An evaluator that doesn't rely on a ground truth reference, but is a good thing to track as it can help reveal agent patterns and highlight inefficiences

In [None]:
from langsmith.schemas import Run


def count_total_tool_calls_evaluator(run: Run) -> dict:
    """
    Count total tool calls across the entire run (supervisor + sub-agents).

    Returns a single 'score' metric with the total count.
    Use for tracking efficiency: fewer calls = more efficient.
    """

    def traverse_runs(run_obj: Run) -> int:
        """Recursively count all tool-type runs in the tree."""
        count = 0

        # Count this run if it's a tool execution
        if run_obj.run_type == "tool":
            count = 1

        # Recursively count child runs
        if hasattr(run_obj, "child_runs") and run_obj.child_runs:
            for child in run_obj.child_runs:
                count += traverse_runs(child)

        return count

    total_tools = traverse_runs(run)

    return {"key": "total_tool_calls", "score": total_tools}

This evaluator doesn't depend on reference outputs to produce a score, but rather uses metadata from the target function's execution on a given example. This is flexibly handled in the LangSmith SDK by passing a `Run` object as input to the evaluator.

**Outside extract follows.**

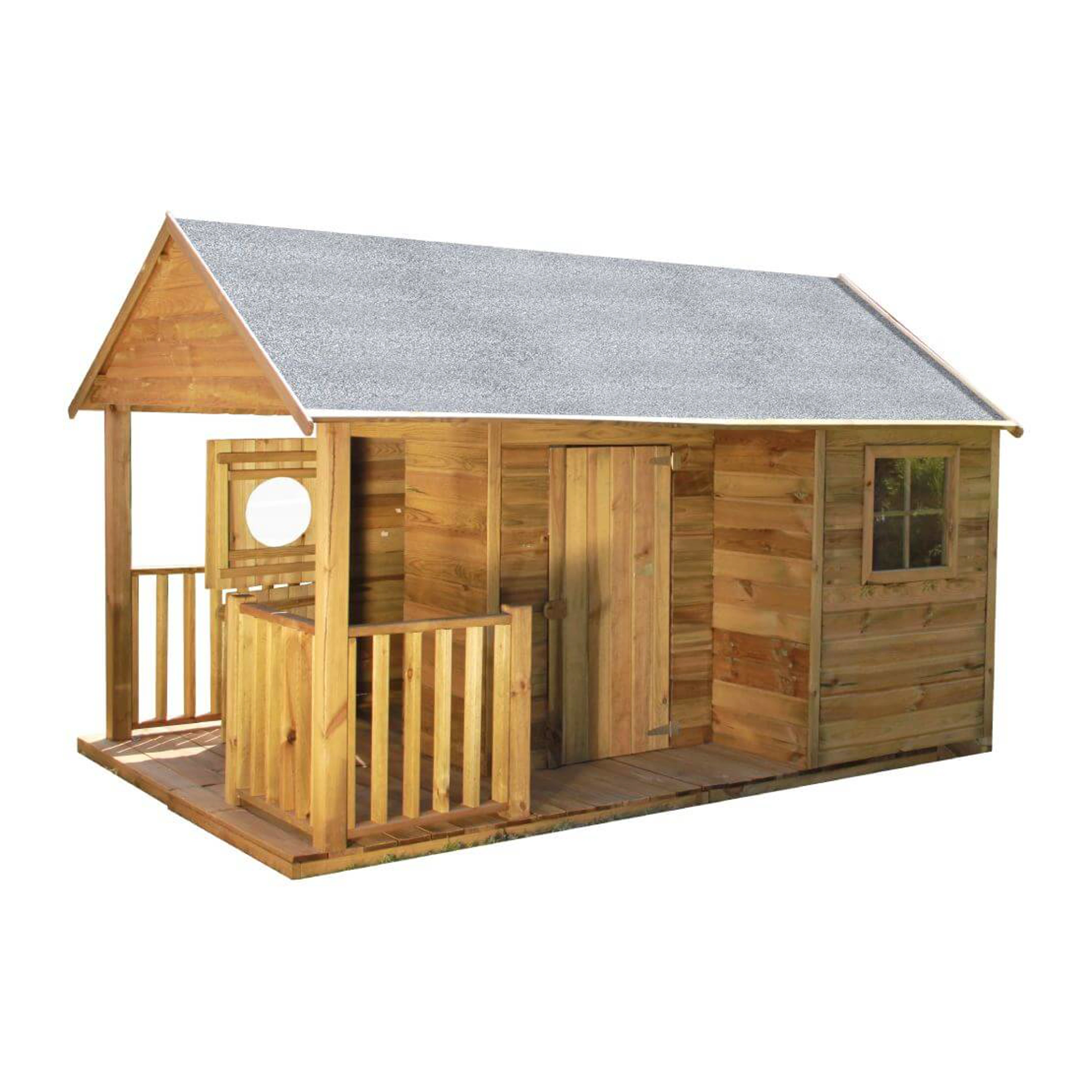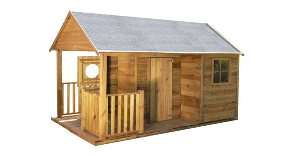 Detský drevený domček Farma má chránenú strechu bitúmenovým pásom. Domček je vyrobený z borovice a drevo je tlakovo impregnované. Vo výbave je aj podlaha. Domček je určený pre vonkajšie použitie.

> Note: see [this docs page](https://docs.langchain.com/langsmith/code-evaluator#evaluator-args) for a list of all arguments accepted by an evaluator function

Let's walk through an example to make this clear.

In [None]:
# get a recent sample run from our project
runs = client.list_runs(
    project_name="langsmith-agent-lifecycle-workshop",  # Your project
    filter="""and(eq(is_root, true), eq(name, "supervisor_hitl_agent"))""",  # get a LangGraph (i.e. supervisor) run
    limit=1,
)
run = next(runs)

# Fetch the complete run with all children
full_run = client.read_run(run.id, load_child_runs=True)

In [None]:
# we can inspect the full run metadata
# vars(full_run)

# or just look at the child runs
vars(full_run).get("child_runs")

In [None]:
# now lets pass the run to our evaluator
count_total_tool_calls_evaluator(full_run)

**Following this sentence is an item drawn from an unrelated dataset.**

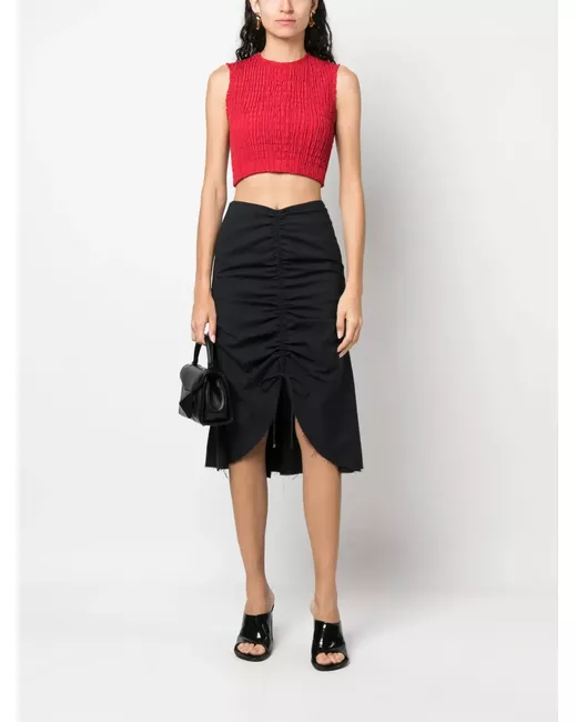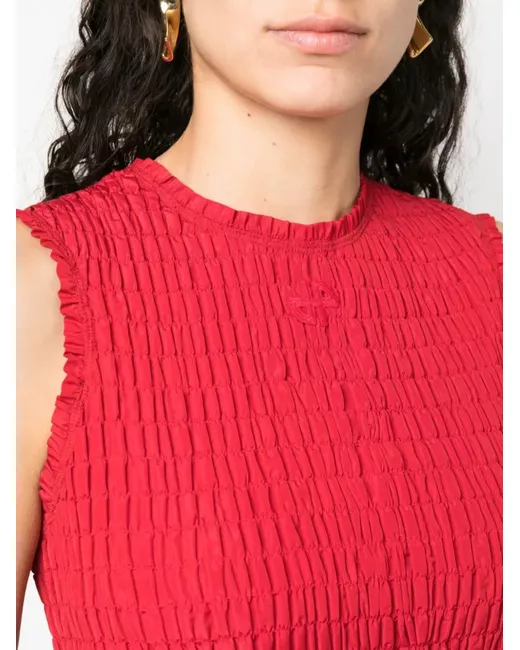 brick red smocked panel gold-tone hardware cropped round neck rear zip fastening sleeveless straight hem

## 5. Run an experiment on the full dataset

Now we can use our target_function and two evaluators to programatically run an offline evaluation over each example in our dataset - this is called an "experiment" in LangSmith.

In [None]:
# Disable parallelism warnings from the tokenizers library to keep notebook output clean
os.environ["TOKENIZERS_PARALLELISM"] = "false"

# Run the experiment
results = client.evaluate(
    target_function,
    data=dataset_name,
    evaluators=[correctness_evaluator, count_total_tool_calls_evaluator],
    experiment_prefix="baseline-eval",
    description="Evaluate the final answer correctness and total tool calls of our agent on the baseline dataset",
    max_concurrency=5,
)

## 6. Error Analysis in LangSmith UI

Now let's analyze our baseline performance in the LangSmith UI via the link above.